*YOUR OBJECTIVE*
Your answer must be the full listing below, restated word for word, with no pictures in it.

*SOURCE DATA*
Start of Block
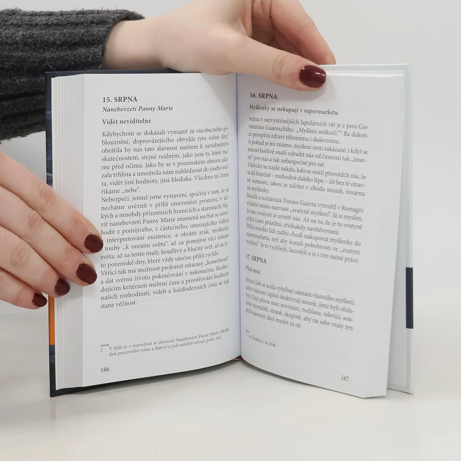 Kniha obsahuje zamyšlení na každý den v roce, a to z pera autora nebo jeho oblíbených myslitelů. Ve světle evangelia si bere na paškál některé modly a nešvary dnešní doby, přičemž každý měsíc je vždy věnován jednomu nosnému tématu. „Křesťan, který nechce zůstat uvězněn v tenatech dnešní mentality, propadnout se do bažiny banality, být pohlcen chřtánem všeobecného hloupnutí,… ale chce odolávat módám a pomrkávání po vládnoucích božstvech moci, zjevu, úspěchu a peněz, potřebuje znovu nalézt potěšení v přemýšlení a znovu navázat spojení se svým svědomím, příliš často dušeným a téměř utýraným okolním kraválem. Bratři, víte, že myšlení nejen neškodí, ale naopak prospívá zdraví naší víry?“ (z předmluvy)
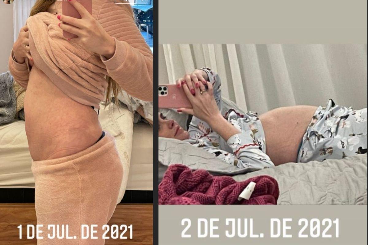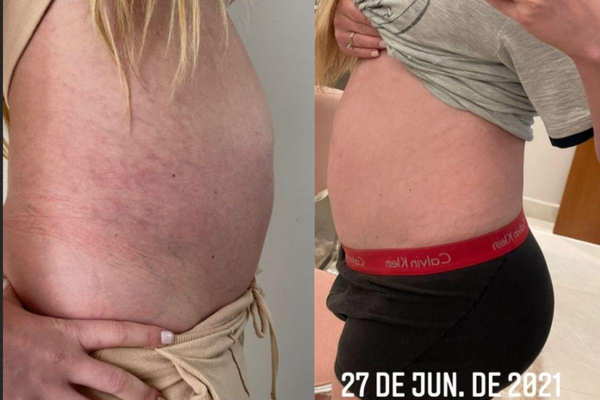 A jovem usou os Stories para mostrar a evolução do corpo em um intervalo de poucos dias. “Mais fotos da barriguinha durante o tratamento”, escreveu a influenciadora. A primeira foto é do dia 27 de junho e mostra o abdômen da modelo bem inchado com as veias aparecendo.
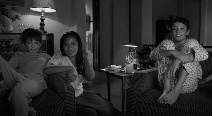 Учитывая, что уже в детстве режиссер был сумасшедшим синефилом, одна из важнейших тканей, которая, кажется, и обеспечивает жизнеспособность столь деликатному проекту, - его опыт зрителя. Одна из немногочисленных идиллических сцен, когда отец решил все-таки провести один вечер дома, происходит перед экраном телевизора. Расставание Клео с ее инфантильным парнем происходит на фоне «Большой прогулки» Жерара Ури - комедии с Луи де Фюнесом. В одной из сцен на экран кинотеатра проецируется фильм про космонавтов, очень похожий как раз на «Гравитацию», один из самых известных широкому зрителю фильмов Куарона. Режиссер в детстве также хотел стать космонавтом.
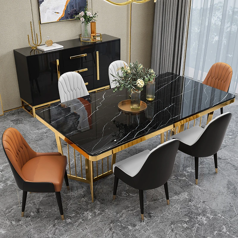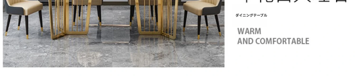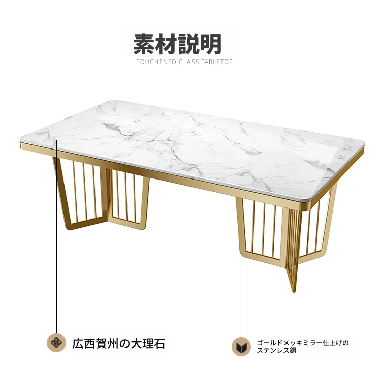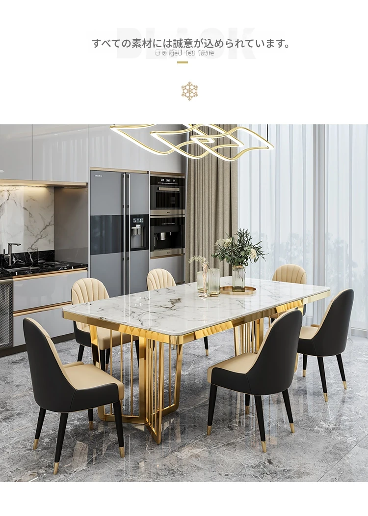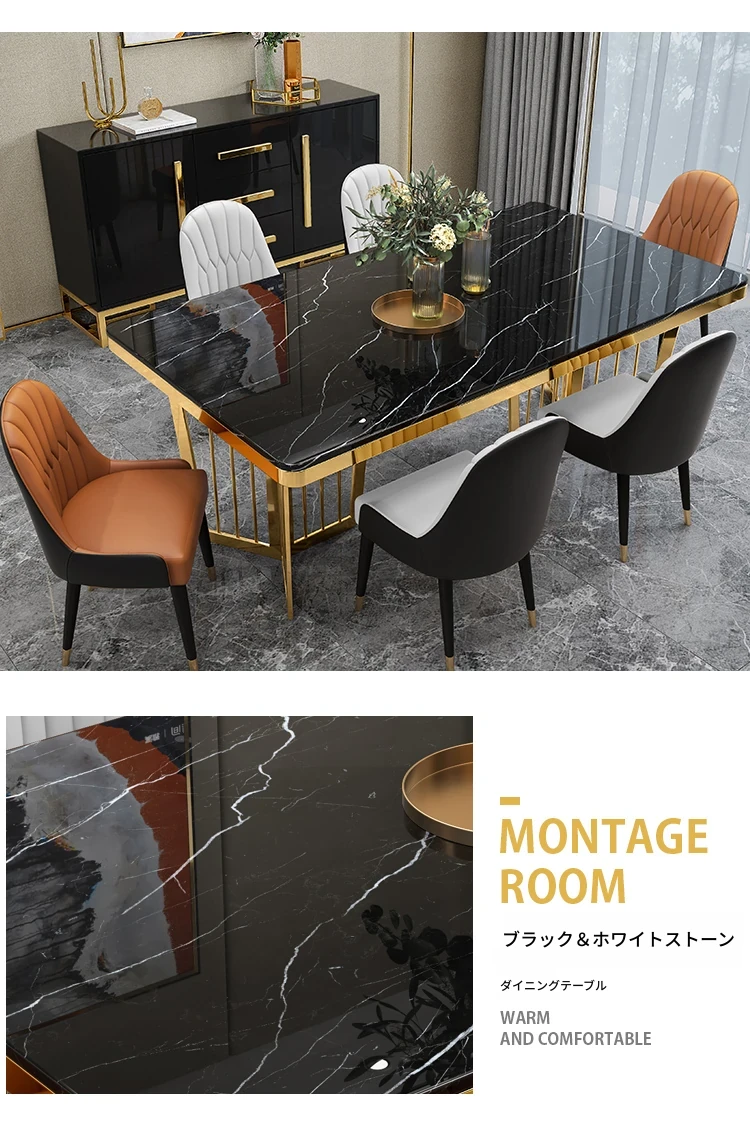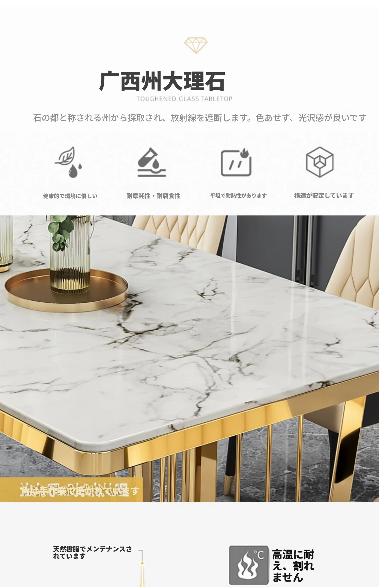 軽やかで贅沢な大理石製ダイニングテーブル&チェアセット!モダンでシンプルな長方形デザイン、北欧スタイルの小型住居にもぴったり。家族や友人との食事を特別なひとときに演出します。
End of Block
*RESPONSE TO THIS EXERCISE*
 Kniha obsahuje zamyšlení na každý den v roce, a to z pera autora nebo jeho oblíbených myslitelů. Ve světle evangelia si bere na paškál některé modly a nešvary dnešní doby, přičemž každý měsíc je vždy věnován jednomu nosnému tématu. „Křesťan, který nechce zůstat uvězněn v tenatech dnešní mentality, propadnout se do bažiny banality, být pohlcen chřtánem všeobecného hloupnutí,… ale chce odolávat módám a pomrkávání po vládnoucích božstvech moci, zjevu, úspěchu a peněz, potřebuje znovu nalézt potěšení v přemýšlení a znovu navázat spojení se svým svědomím, příliš často dušeným a téměř utýraným okolním kraválem. Bratři, víte, že myšlení nejen neškodí, ale naopak prospívá zdraví naší víry?“ (z předmluvy)
 A jovem usou os Stories para mostrar a evolução do corpo em um intervalo de poucos dias. “Mais fotos da barriguinha durante o tratamento”, escreveu a influenciadora. A primeira foto é do dia 27 de junho e mostra o abdômen da modelo bem inchado com as veias aparecendo.
 Учитывая, что уже в детстве режиссер был сумасшедшим синефилом, одна из важнейших тканей, которая, кажется, и обеспечивает жизнеспособность столь деликатному проекту, - его опыт зрителя. Одна из немногочисленных идиллических сцен, когда отец решил все-таки провести один вечер дома, происходит перед экраном телевизора. Расставание Клео с ее инфантильным парнем происходит на фоне «Большой прогулки» Жерара Ури - комедии с Луи де Фюнесом. В одной из сцен на экран кинотеатра проецируется фильм про космонавтов, очень похожий как раз на «Гравитацию», один из самых известных широкому зрителю фильмов Куарона. Режиссер в детстве также хотел стать космонавтом.
 軽やかで贅沢な大理石製ダイニングテーブル&チェアセット!モダンでシンプルな長方形デザイン、北欧スタイルの小型住居にもぴったり。家族や友人との食事を特別なひとときに演出します。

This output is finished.